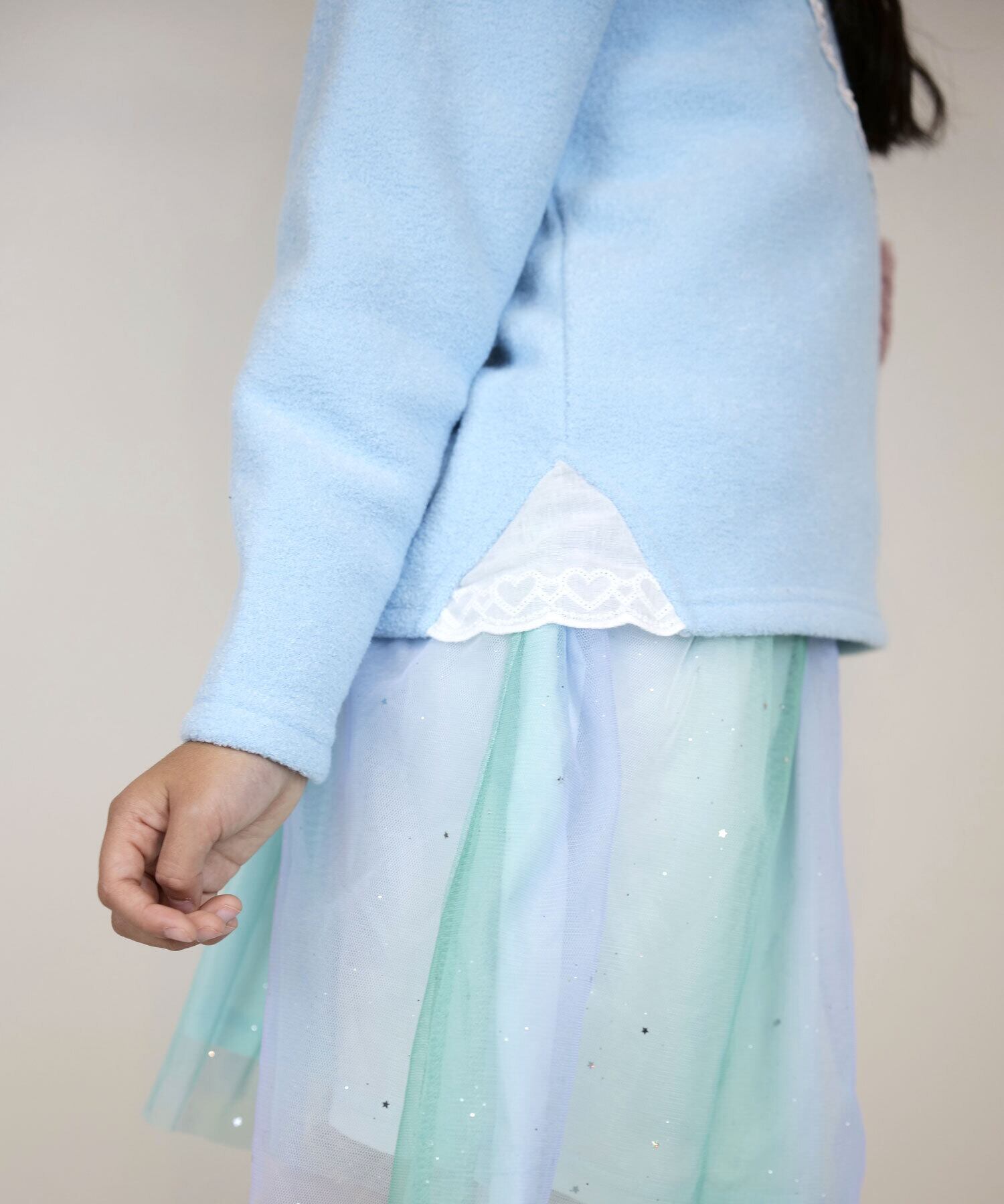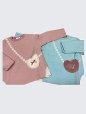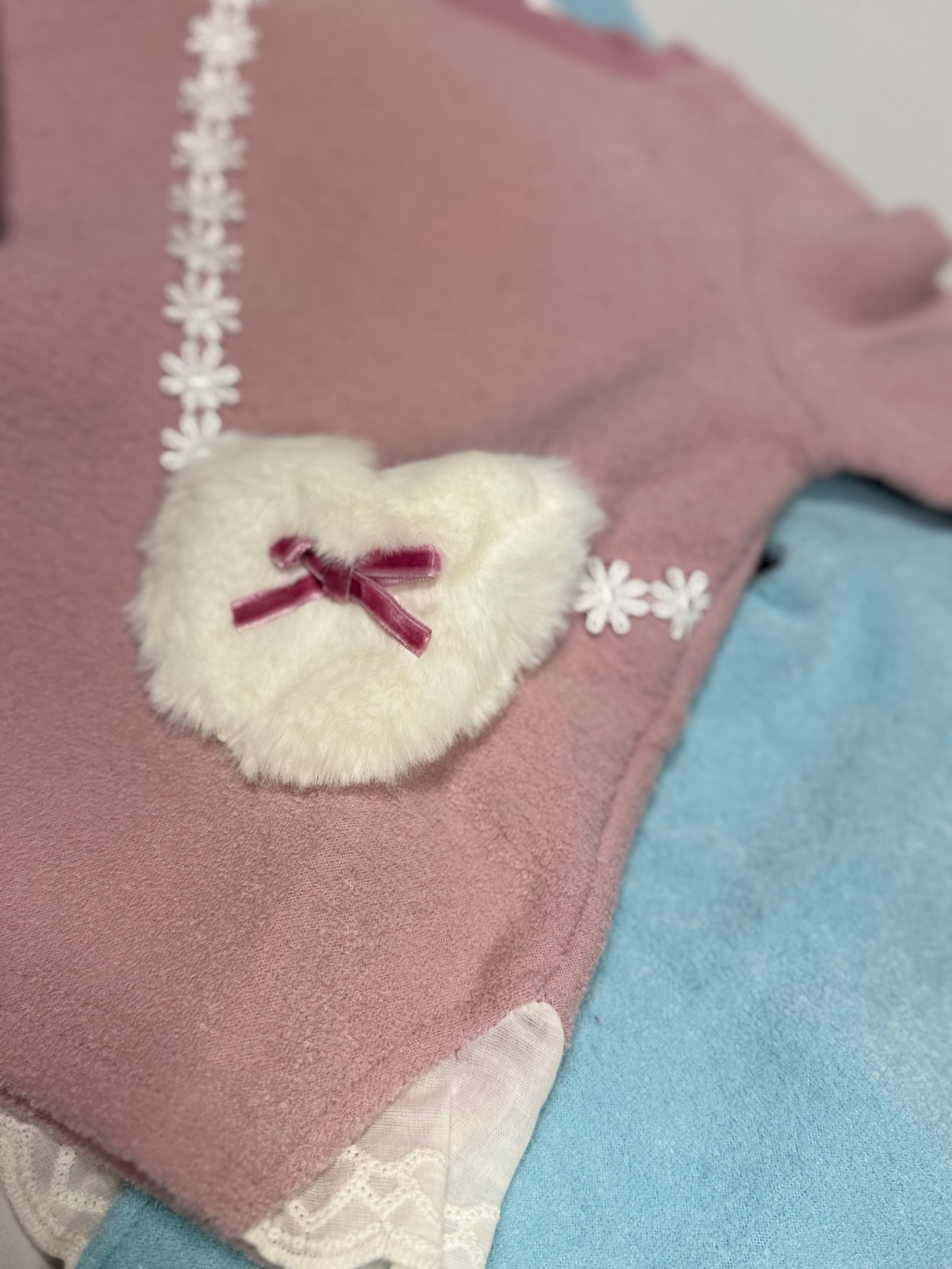 【アイテム説明】ボアのハートポシェット風のトレーナーです。素材はブークレーで暖かです。90cmは肩あき仕様です。
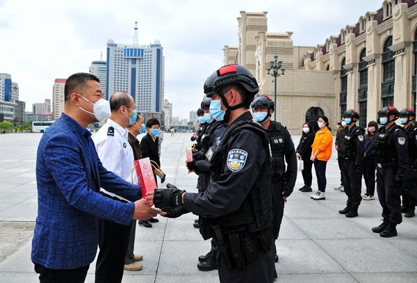 公益活動首批慰問對象是剛從抗疫一線歸來的哈爾濱市公安局巡特警支隊隊員。本次疫情期間,他們馳援五常市拉林鎮(zhèn)、哈爾濱市平房區(qū)和賓縣,先后核查車輛3700余臺,幫助群眾1100多人,為群眾配送餐食10萬余份、飲用水20余萬瓶、防疫物資9000余件,用血肉身軀筑起了抗擊疫情的鋼鐵長城,詮釋了“疫情當前,特警在先”的使命擔當?!案兄x黑龍江日報報業(yè)集團和愛心企業(yè)送來健康產品。今后我們會一如繼往做好本職工作,哪里需要哪里上,當好人民的忠誠衛(wèi)士?!苯舆^“小綠君”,哈爾濱市公安局巡特警支隊特警一大隊二中隊教導員劉甲洲一臉幸福。
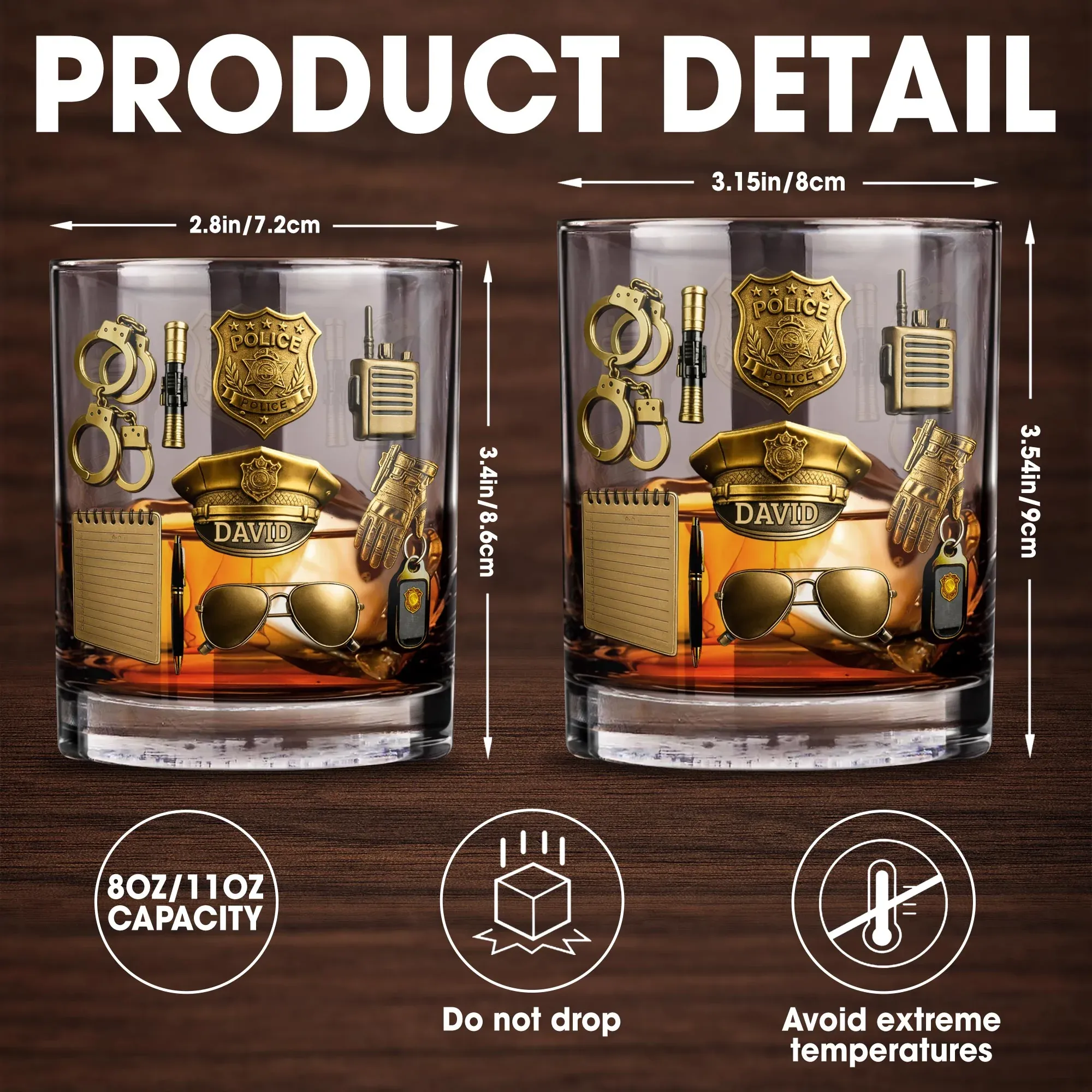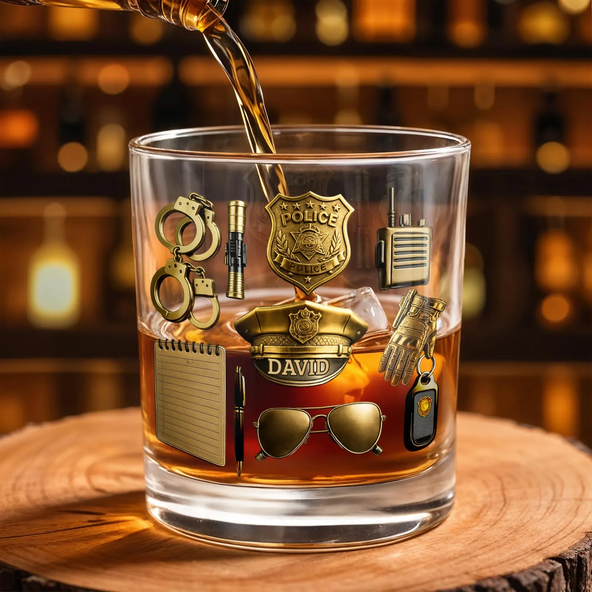 Personalized-Celebrate Your Service With Badge, Handcuffs, and Hat, Personalized Custom Whiskey Glass, Gift For Policemen

****

What the task requires - Would you please retype the material above exactly and leave out each picture?

Problem solution -
 【アイテム説明】ボアのハートポシェット風のトレーナーです。素材はブークレーで暖かです。90cmは肩あき仕様です。
 公益活動首批慰問對象是剛從抗疫一線歸來的哈爾濱市公安局巡特警支隊隊員。本次疫情期間,他們馳援五常市拉林鎮(zhèn)、哈爾濱市平房區(qū)和賓縣,先后核查車輛3700余臺,幫助群眾1100多人,為群眾配送餐食10萬余份、飲用水20余萬瓶、防疫物資9000余件,用血肉身軀筑起了抗擊疫情的鋼鐵長城,詮釋了“疫情當前,特警在先”的使命擔當?!案兄x黑龍江日報報業(yè)集團和愛心企業(yè)送來健康產品。今后我們會一如繼往做好本職工作,哪里需要哪里上,當好人民的忠誠衛(wèi)士?!苯舆^“小綠君”,哈爾濱市公安局巡特警支隊特警一大隊二中隊教導員劉甲洲一臉幸福。
 Personalized-Celebrate Your Service With Badge, Handcuffs, and Hat, Personalized Custom Whiskey Glass, Gift For Policemen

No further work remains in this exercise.